Task inputs Block Start
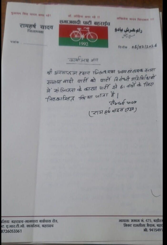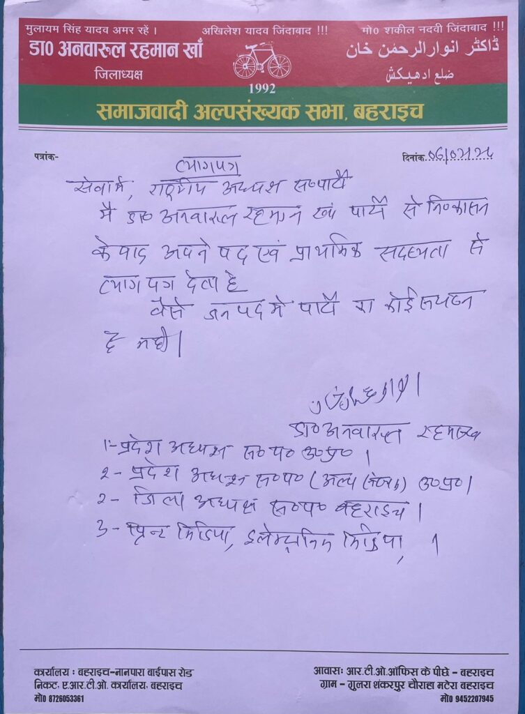 मैं, डॉ. अनवारुल रहमान ख़ान, समाजवादी पार्टी अल्पसंख्यक सभा बहराइच का जिला अध्यक्ष था। पार्टी द्वारा निष्कासन के बाद मैं अपने सभी पदों और प्राथमिक सदस्यता से इस्तीफ़ा देता हूँ।
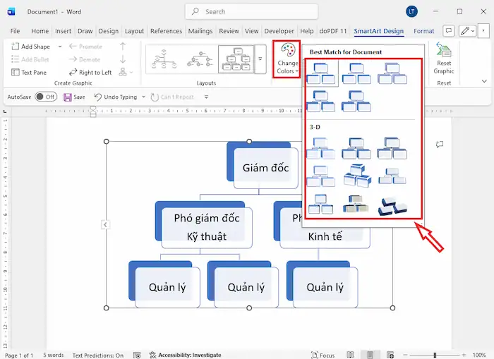 – Bước 5: Tùy chỉnh màu sắc và phong cách. Hãy nhấn chọn sơ đồ >> sử dụng thẻ SmartArt Design trên thanh Ribbon để:
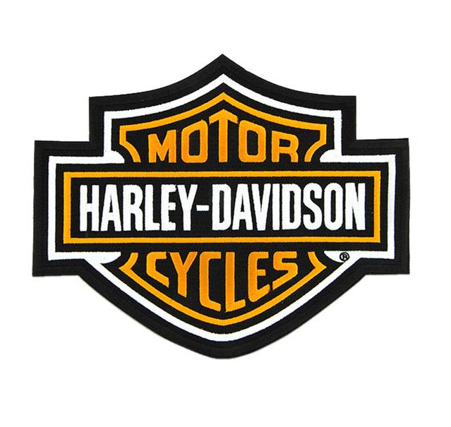 Harley-Davidson® 9.25" Orange Bar & Shield Logo Patch, 8011420. High-quality embroidered iconic Bar & Shield logo. Classic Harley® orange. Sturdy black woven trim that will hold up ride after ride. Large size patch, Size: 9.25" x 7.54". Sew-on patch. Great looking patch to be sewn on your vest or jacket.
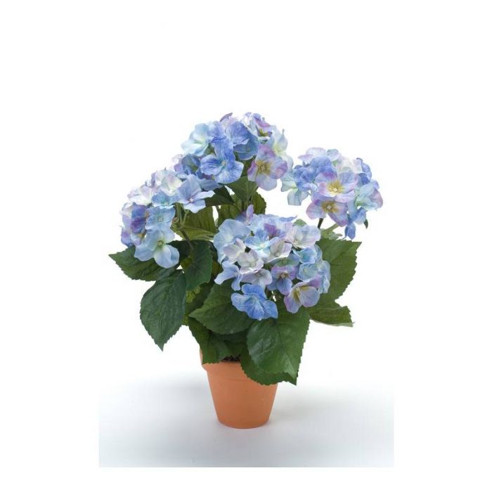 Hortensia artificiel JONE en pot en argile, bleu, 40cm
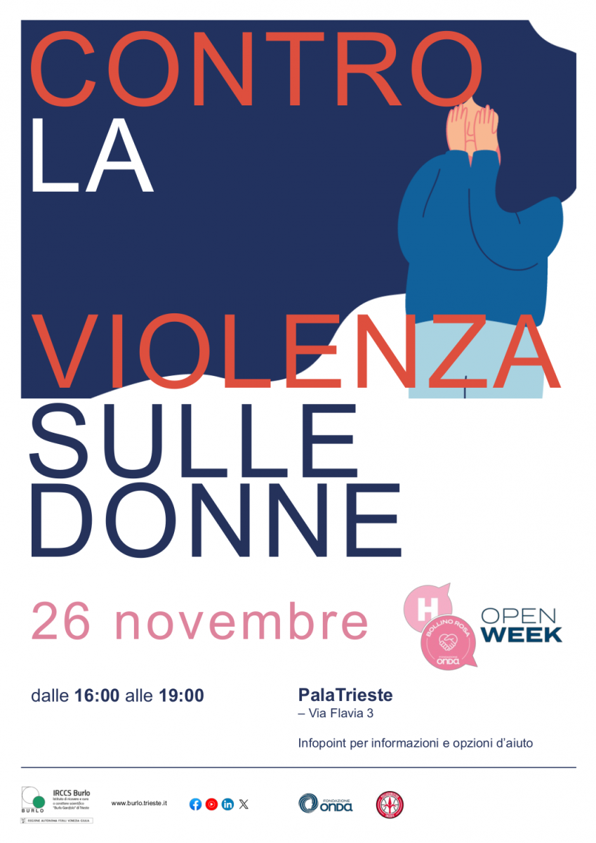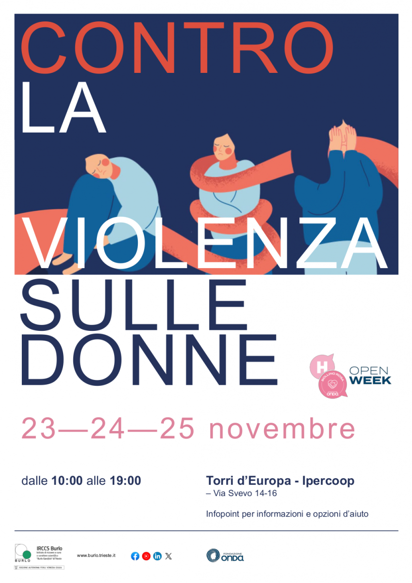 È con questa ferma convinzione che l’Irccs Materno Infantile “Burlo Garofolo”, all’interno dell’open week organizzata dalla Fondazione Onda in occasione della giornata mondiale contro la violenza sulle donne, allestisce due Infopoint, uno presso il Centro Commerciale “Torri d’Europa” di Trieste che rimarrà aperto dal 23 al 25 novembre dalle 10.00 alle 19.00, di fronte alle casse dell’Ipercoop e uno il 26 novembre dalle 16.00 alle 19.00 presso il PalaTrieste in occasione della partita della Pallacanestro Trieste, vicino allo store della società sportiva. I due punti informativi forniranno chiarimenti e indicazioni sulle possibilità di aiuto, assistenza e difesa per le donne vittime di violenze. Violenze cui spesso, purtroppo, assistono impotenti anche i figli fin dalla più tenera infanzia.
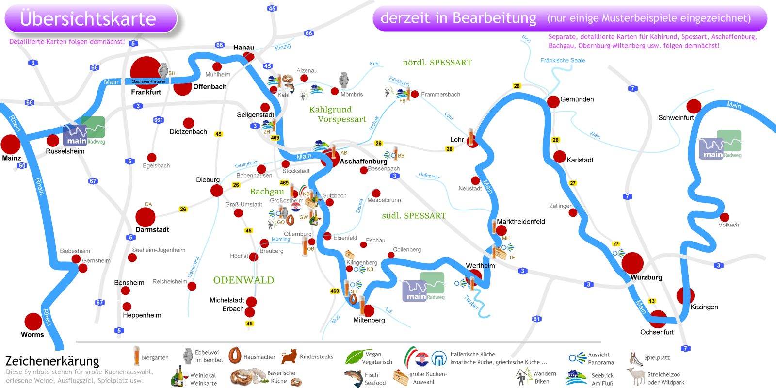 Für Wanderfreunde und Radler sind Biergärten, welche direkt an ausgeschilderten Wanderwegen, am Main-Radweg oder an MTB-Trails liegen, mit Symbolen markiert.
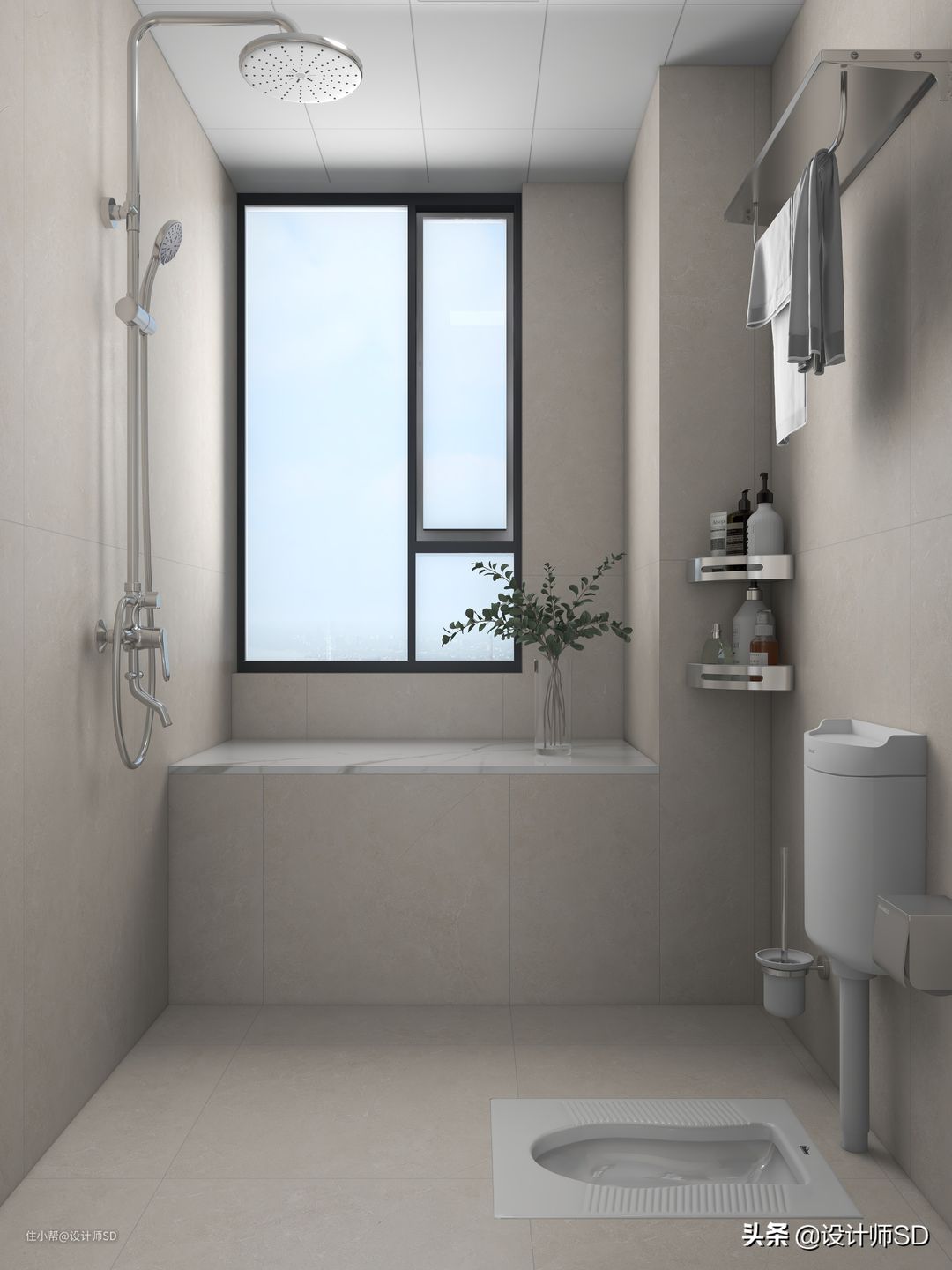 靠湿区的里面是安排了蹲便器跟花洒的空间,原始结构上有飘窗的,所以用来放置物品很不错,也让湿区的空间显得更大,墙面600*1200的哑光砖,地砖则加工600*600对缝铺贴,飘窗台面铺贴一块白色的大理石。顶面则是300*600的铝扣板跟风暖。
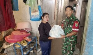 Bentuk Peduli dan Perhatian, Koramil 07/KB Bagikan Paket Sembako Kepada Warga Kurang Mampu
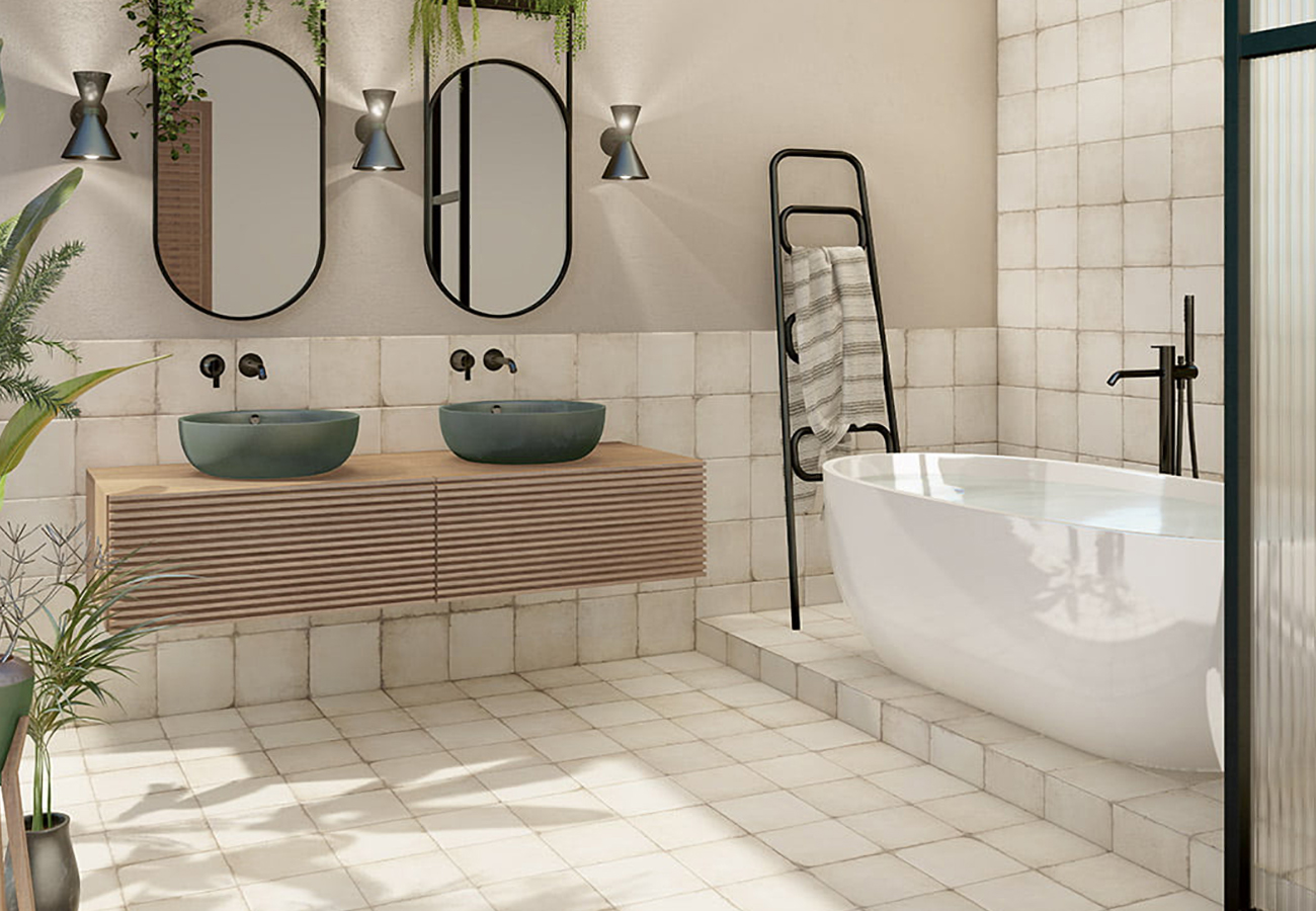 El diseño de la serie Bottega se inspira en la cerámica tradicional mediterránea. La destonificación V3 genera ligeras variaciones entre piezas, creando superficies más dinámicas y auténticas.
Task inputs Block End
Instructions for the task
Restate word for word each line from the top of the listing down to and including the line that holds "Bước 5: Tùy". Drop any pictures.

Task result
 मैं, डॉ. अनवारुल रहमान ख़ान, समाजवादी पार्टी अल्पसंख्यक सभा बहराइच का जिला अध्यक्ष था। पार्टी द्वारा निष्कासन के बाद मैं अपने सभी पदों और प्राथमिक सदस्यता से इस्तीफ़ा देता हूँ।
 – Bước 5: Tùy chỉnh màu sắc và phong cách. Hãy nhấn chọn sơ đồ >> sử dụng thẻ SmartArt Design trên thanh Ribbon để:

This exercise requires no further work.